**INPUT DATA**
- Opening Delimiter -

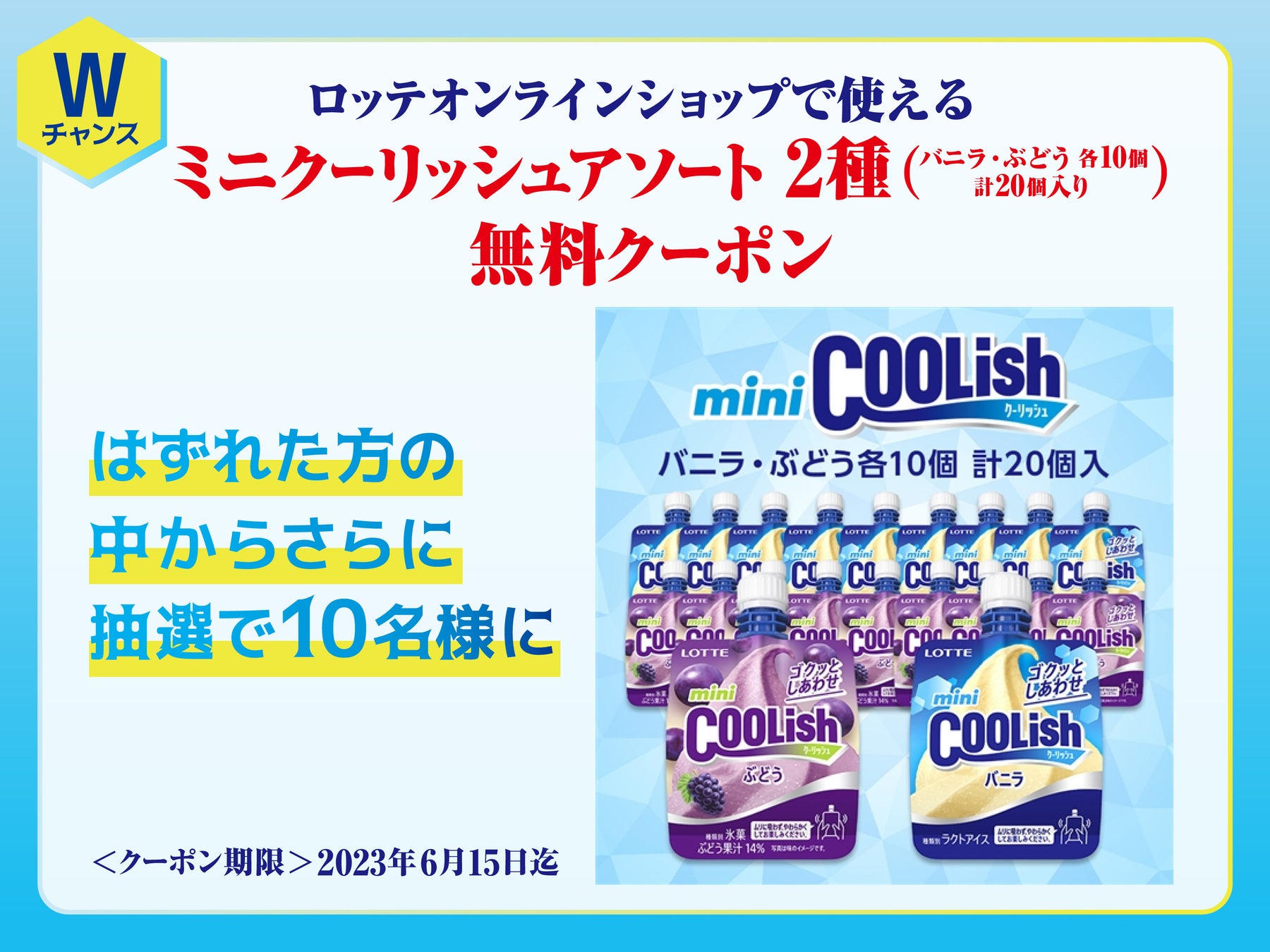さらに外れた方の中から「ロッテオンラインショップで使えるミニクーリッシュアソート2種×10個入無料クーポン」を抽選で10名様にプレゼント
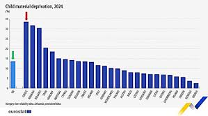 Η ΕΞΕΥΤΕΛΙΣΤΙΚΗ διαπίστωση είναι τριπλή: α) το μέσο ποσοστό για ολόκληρη την ΕΕ είναι 13,6% του συνολικού παιδικού πληθυσμού, ενώ στην χώρα μας τριπλάσιο, β) η Ελλάδα είναι η χειρότερη χώρα σε διαβίωση των παιδιών της, σε ολόκληρη την ΕΕ και 3) Στην Ρουμανία και στην Βουλγαρία, χώρες οι οποίες εισήλθαν στην ΕΕ 26 χρόνια (το 2007) αργότερα από την χώρα μας (1981), τα παιδιά διαβιούν σχετικά καλύτερα.
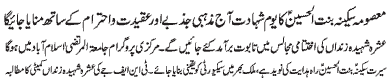 ISLAMABAD, November 29: The martyrdom anniversary of Hazrat Sakina (PBUH) will be observed with great religious zeal and reverence |
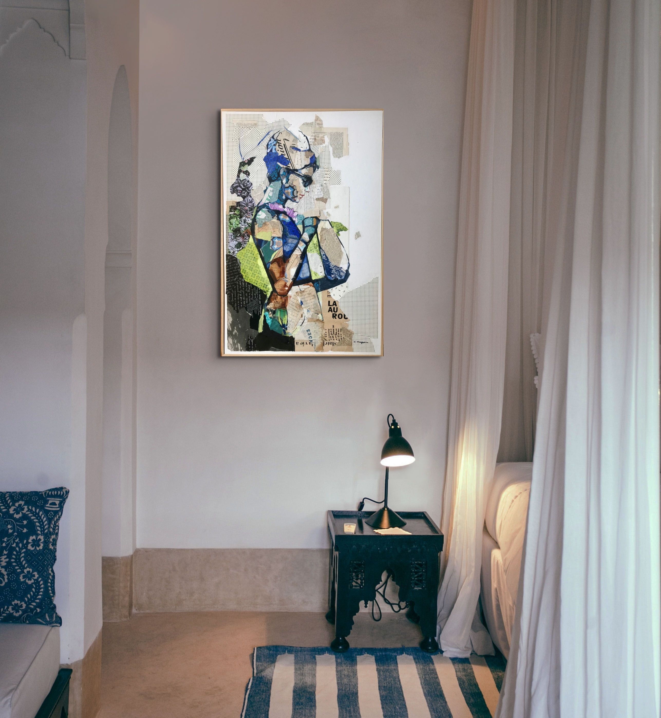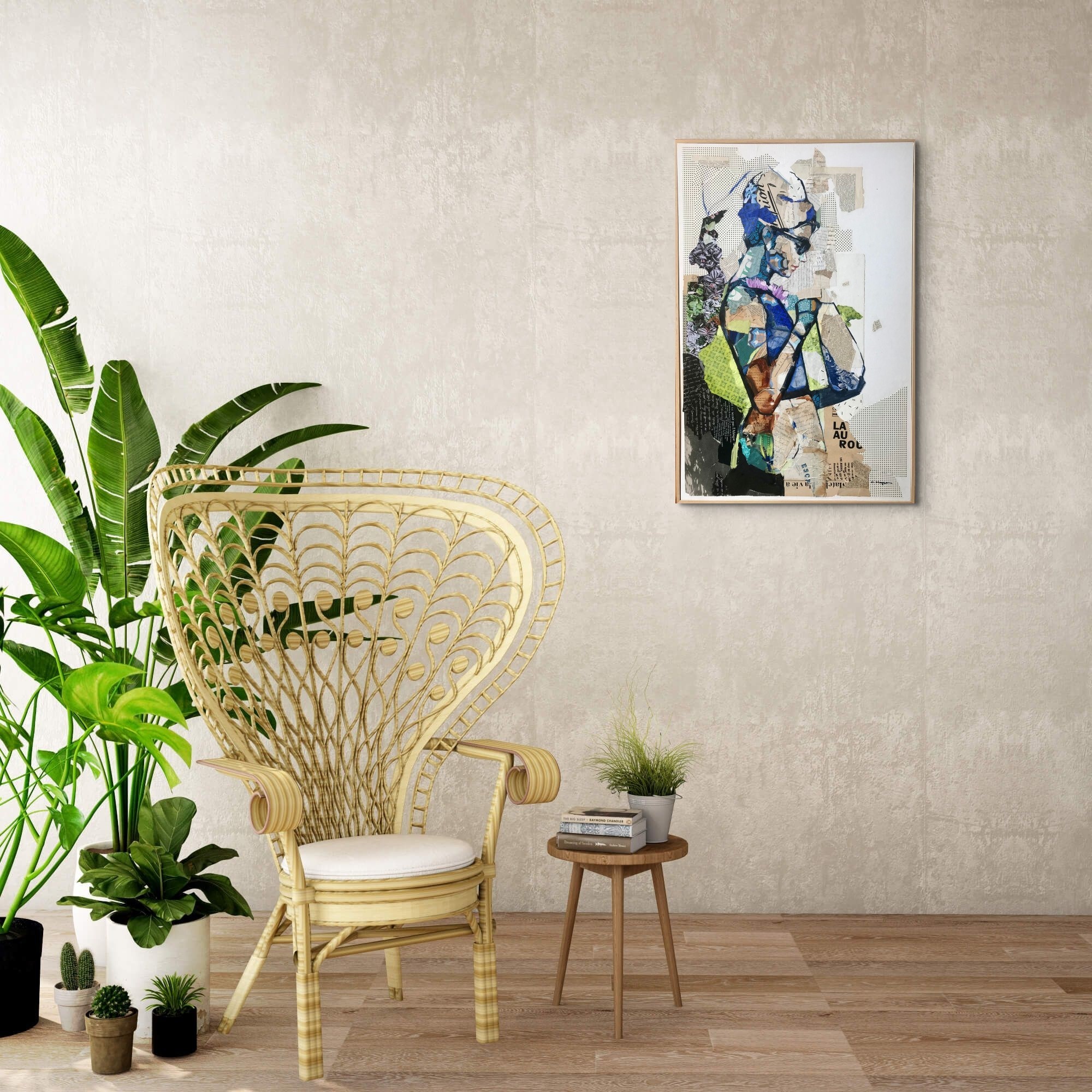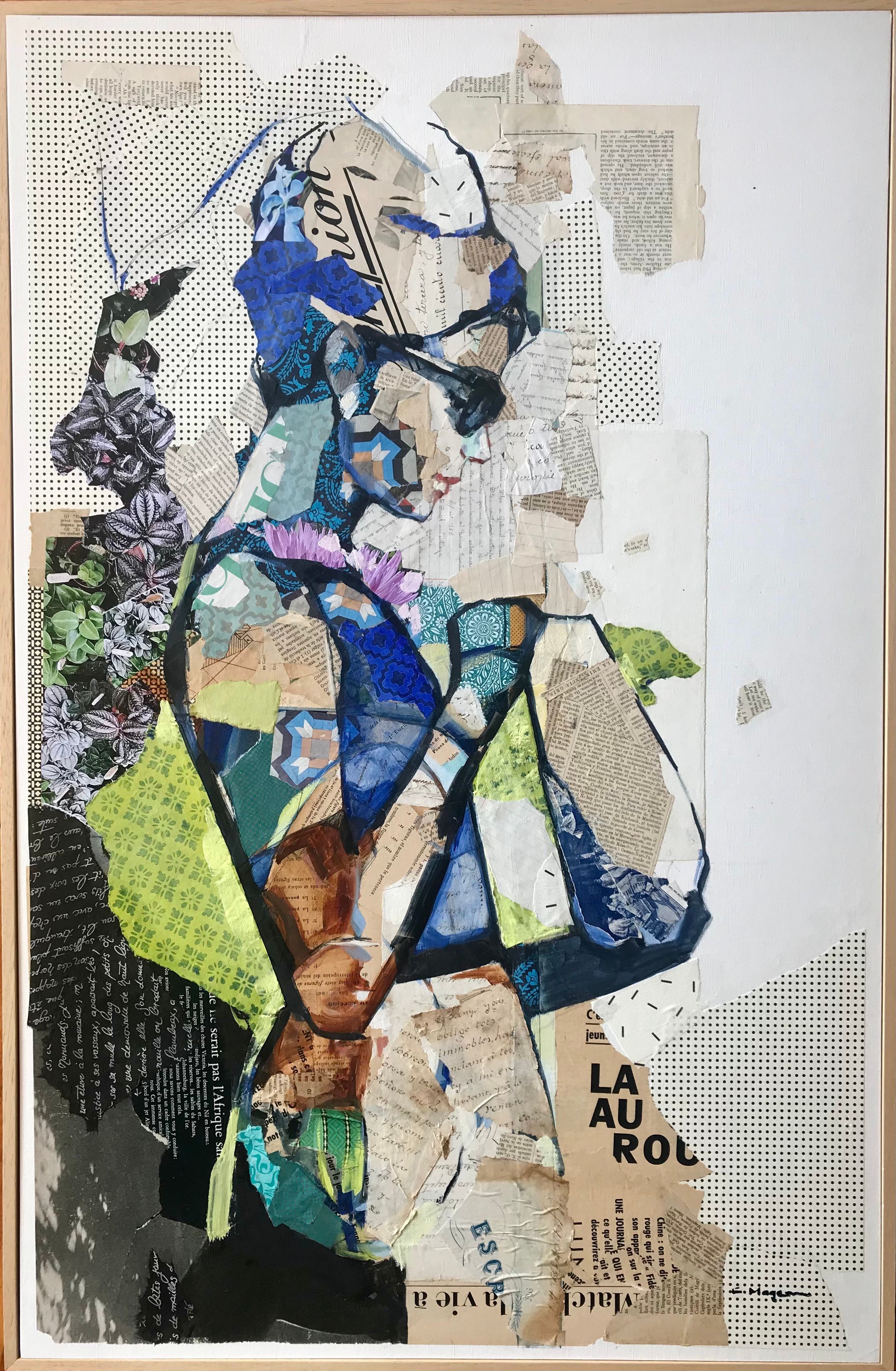 Œuvre originale de Carme Magem, artiste collagiste reconnue pour ses portraits remarquablement expressifs, composés avec des coupures de journaux et des fragment de lettres et d'écrits anciens.

- Closing Delimiter -

**WHAT TO WORK ON**
Pictures stay out of this copy. Retype exactly the lines from the one with "ISLAMABAD, November 29: The" through the last line of the data, both ends included, and nothing more.

**REPLY**
 ISLAMABAD, November 29: The martyrdom anniversary of Hazrat Sakina (PBUH) will be observed with great religious zeal and reverence |
 Œuvre originale de Carme Magem, artiste collagiste reconnue pour ses portraits remarquablement expressifs, composés avec des coupures de journaux et des fragment de lettres et d'écrits anciens.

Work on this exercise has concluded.